Corapporteurs et rapporteurs fictifs du Parlement européen sur la simplification ('omnibus') de la législation sur l'intelligence artificielle (IA) arrivent au bout de leurs négociations. Dans leur dernière proposition d'amendement de compromis, datée de mercredi 11 mars et qu'Agence Europe a pu consulter, les élus proposent plusieurs modifications au texte initial, et ajoutent l'interdiction des modèles d'IA générateurs de 'deepfakes' sexuels, à l'instar du Conseil de l'UE (EUROPE 13807/5).
Les corapporteurs proposent de conserver le calendrier fixé pour la date d'entrée en application des obligations pour modèles d'IA à haut risque, tout comme le Conseil (EUROPE 13822/13), mais suppriment la notion de « stricte » nécessité pour la possibilité laissée à d'autres modèles d'IA que ceux à haut risque d'utiliser des catégories spéciales de données personnelles pour détecter les biais.

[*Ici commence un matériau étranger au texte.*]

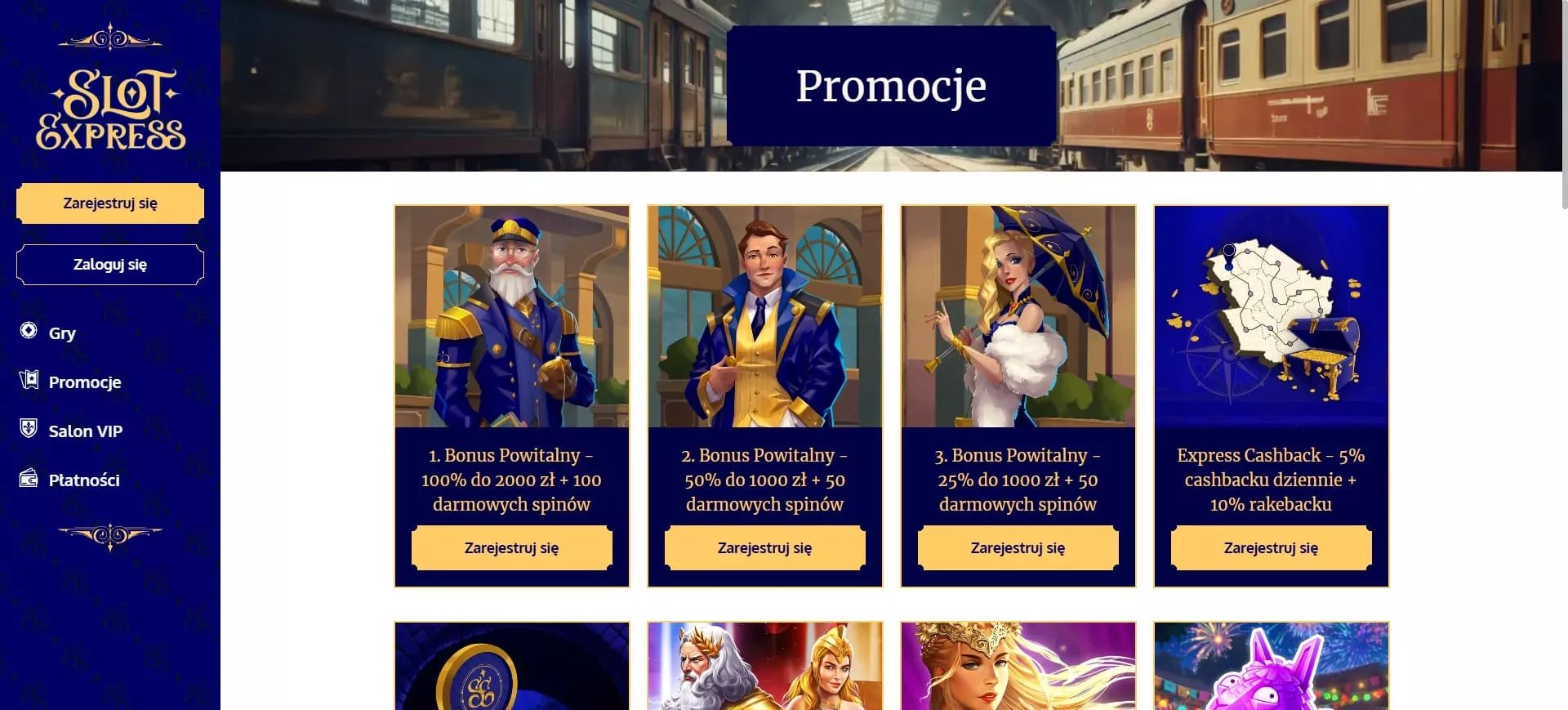 Operator hazardowy posiada w swoim asortymencie oferty powitalne, cashback, a także codzienne misje z nagrodami. Każdy bonus ma określone warunki, które należy spełnić, aby skorzystać z promocji. Dostępne bonusy w kasynie SlotExpress w 2025 roku dla graczy z Polski obejmują:

Ce point particulier a fait l'objet de débats, la première mouture du rapport ayant amendé cette possibilité pour qu'elle soit appliquée « à titre exceptionnel » uniquement.
Par ailleurs, tout comme le Conseil de l'UE (EUROPE 13825/5), les corapporteurs ajoutent un sous-paragraphe à l'article 5, destiné à interdire « la mise sur le marché, la mise en service ou l'utilisation d'un système d'IA qui modifie, manipule ou génère artificiellement des images ou des vidéos réalistes afin de représenter des activités sexuellement explicites ou les parties intimes d'une personne physique identifiable sans le consentement de cette personne ».
Cette interdiction ne s'appliquerait pas aux systèmes qui auraient mis en place des « mesures de sécurité efficaces pour empêcher la création de telles représentations », précisent les amendements.
Enfin, ils proposent d’aménager les annexes, notamment la section A et B de l'annexe I, pour que les législations sectorielles priment sur le règlement sur l’IA, et, en théorie, réduisent les risques d'un chevauchement législatif.
Une dernière réunion technique est prévue le 13 mars, pour finaliser les points en suspens. Le texte doit être voté en commission le 18 mars. (Isalia Stieffatre)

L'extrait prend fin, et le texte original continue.